### WORK ITEM
Copy without pictures. Please restate each line of the listing exactly.

### DATA PROVIDED
__________________________________________________
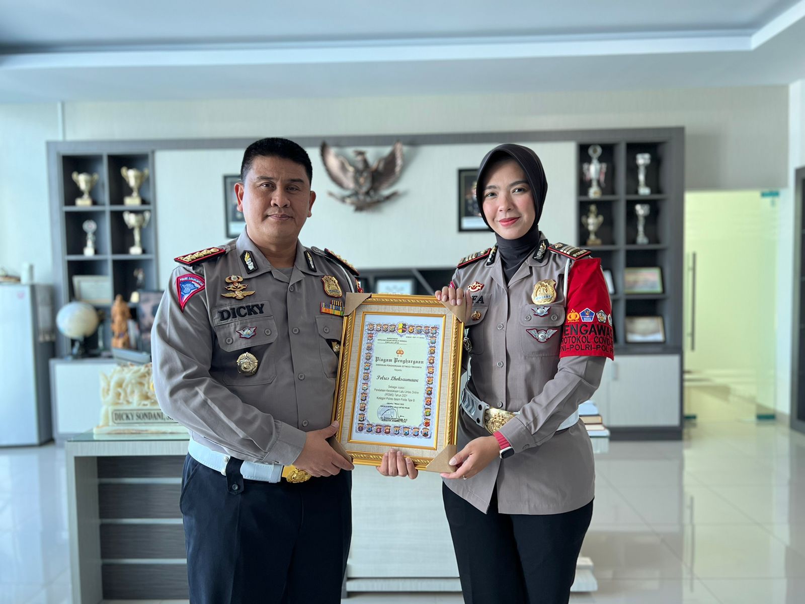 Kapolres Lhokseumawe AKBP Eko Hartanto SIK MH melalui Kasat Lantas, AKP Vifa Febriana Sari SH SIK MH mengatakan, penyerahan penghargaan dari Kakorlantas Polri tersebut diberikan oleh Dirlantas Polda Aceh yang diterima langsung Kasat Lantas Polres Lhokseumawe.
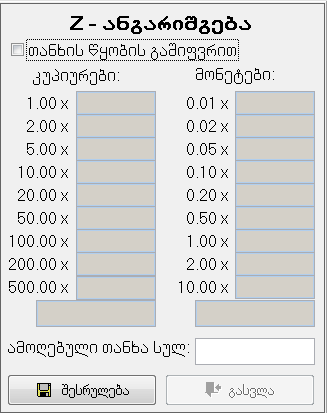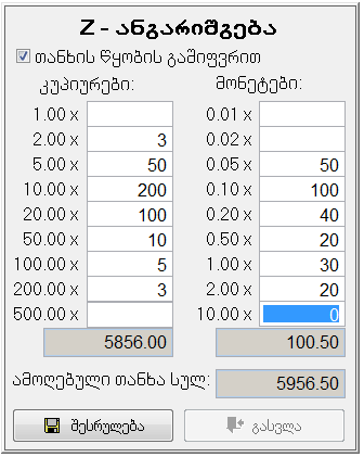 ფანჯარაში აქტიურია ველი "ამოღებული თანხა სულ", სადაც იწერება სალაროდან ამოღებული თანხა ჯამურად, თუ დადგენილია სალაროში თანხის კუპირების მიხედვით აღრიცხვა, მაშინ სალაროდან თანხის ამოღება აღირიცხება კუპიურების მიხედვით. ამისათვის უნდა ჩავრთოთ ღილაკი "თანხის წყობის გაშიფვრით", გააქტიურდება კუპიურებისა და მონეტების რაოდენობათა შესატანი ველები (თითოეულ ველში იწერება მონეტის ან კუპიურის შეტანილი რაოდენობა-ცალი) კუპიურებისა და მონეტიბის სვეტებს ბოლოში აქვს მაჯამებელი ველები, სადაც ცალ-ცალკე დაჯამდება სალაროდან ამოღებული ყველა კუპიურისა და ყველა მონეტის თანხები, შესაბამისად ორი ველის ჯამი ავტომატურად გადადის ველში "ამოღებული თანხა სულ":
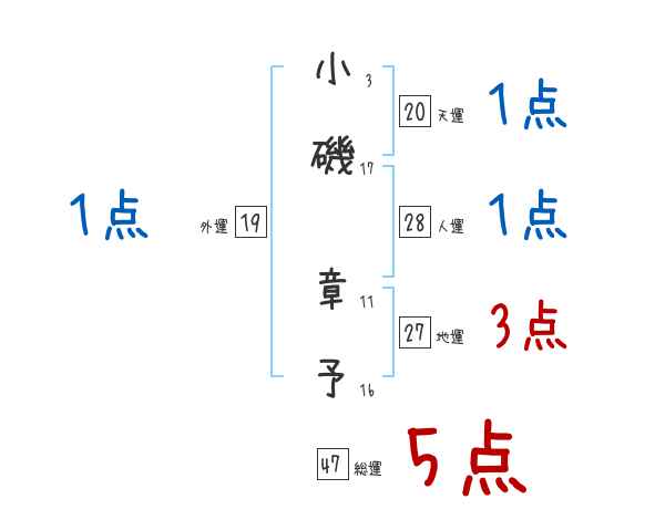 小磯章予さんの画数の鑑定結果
__________________________________________________
### OUTPUT BELOW
 Kapolres Lhokseumawe AKBP Eko Hartanto SIK MH melalui Kasat Lantas, AKP Vifa Febriana Sari SH SIK MH mengatakan, penyerahan penghargaan dari Kakorlantas Polri tersebut diberikan oleh Dirlantas Polda Aceh yang diterima langsung Kasat Lantas Polres Lhokseumawe.
 ფანჯარაში აქტიურია ველი "ამოღებული თანხა სულ", სადაც იწერება სალაროდან ამოღებული თანხა ჯამურად, თუ დადგენილია სალაროში თანხის კუპირების მიხედვით აღრიცხვა, მაშინ სალაროდან თანხის ამოღება აღირიცხება კუპიურების მიხედვით. ამისათვის უნდა ჩავრთოთ ღილაკი "თანხის წყობის გაშიფვრით", გააქტიურდება კუპიურებისა და მონეტების რაოდენობათა შესატანი ველები (თითოეულ ველში იწერება მონეტის ან კუპიურის შეტანილი რაოდენობა-ცალი) კუპიურებისა და მონეტიბის სვეტებს ბოლოში აქვს მაჯამებელი ველები, სადაც ცალ-ცალკე დაჯამდება სალაროდან ამოღებული ყველა კუპიურისა და ყველა მონეტის თანხები, შესაბამისად ორი ველის ჯამი ავტომატურად გადადის ველში "ამოღებული თანხა სულ":
 小磯章予さんの画数の鑑定結果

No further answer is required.